=== Begin Enclosure ===

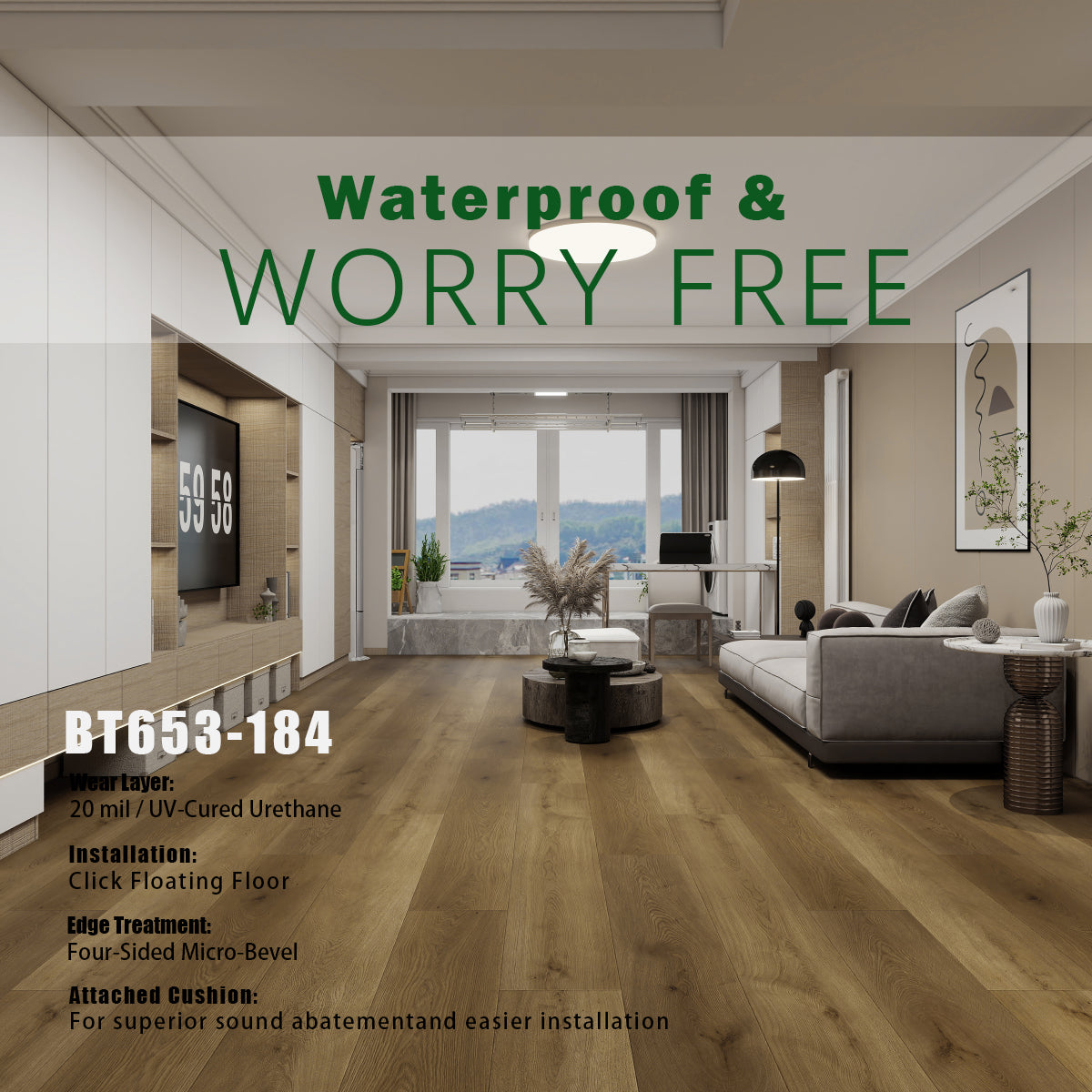 Scratch-resistant, stain-resistant, and moisture-proof, making it suitable for high-traffic areas and even damp environments like kitchens and bathrooms.
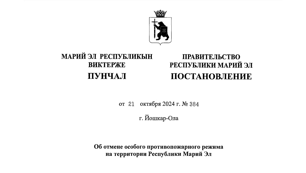 И. о. председателя правительства Республики Марий Эл Евгений Курмаев подписал постановление «Об отмене особого противопожарного ...
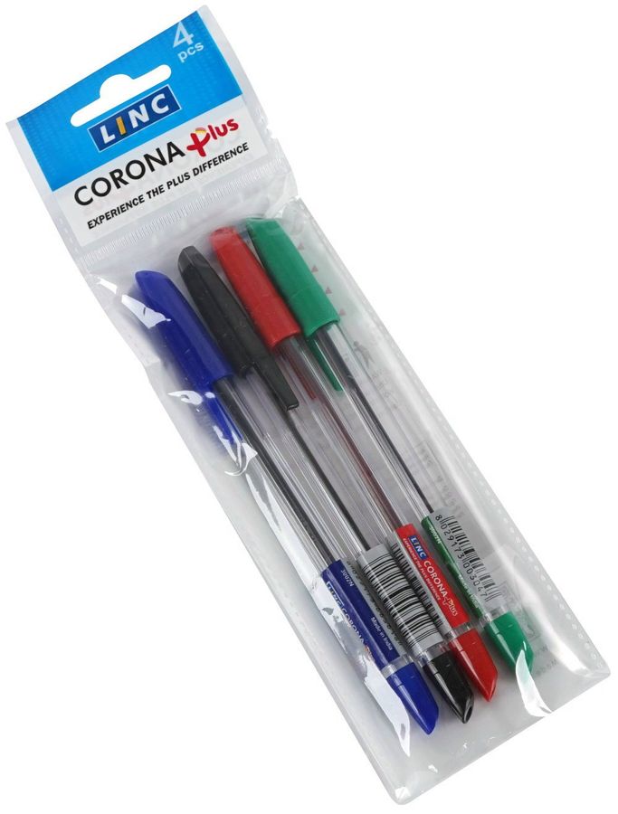 Ручка шариковая, набор 4 цвета Corona Plus 0,7мм прозр.корпус 3002N 4

=== End Enclosure ===

Task
Your answer must be the full listing, word for word, minus any images.

The answer
 Scratch-resistant, stain-resistant, and moisture-proof, making it suitable for high-traffic areas and even damp environments like kitchens and bathrooms.
 И. о. председателя правительства Республики Марий Эл Евгений Курмаев подписал постановление «Об отмене особого противопожарного ...
 Ручка шариковая, набор 4 цвета Corona Plus 0,7мм прозр.корпус 3002N 4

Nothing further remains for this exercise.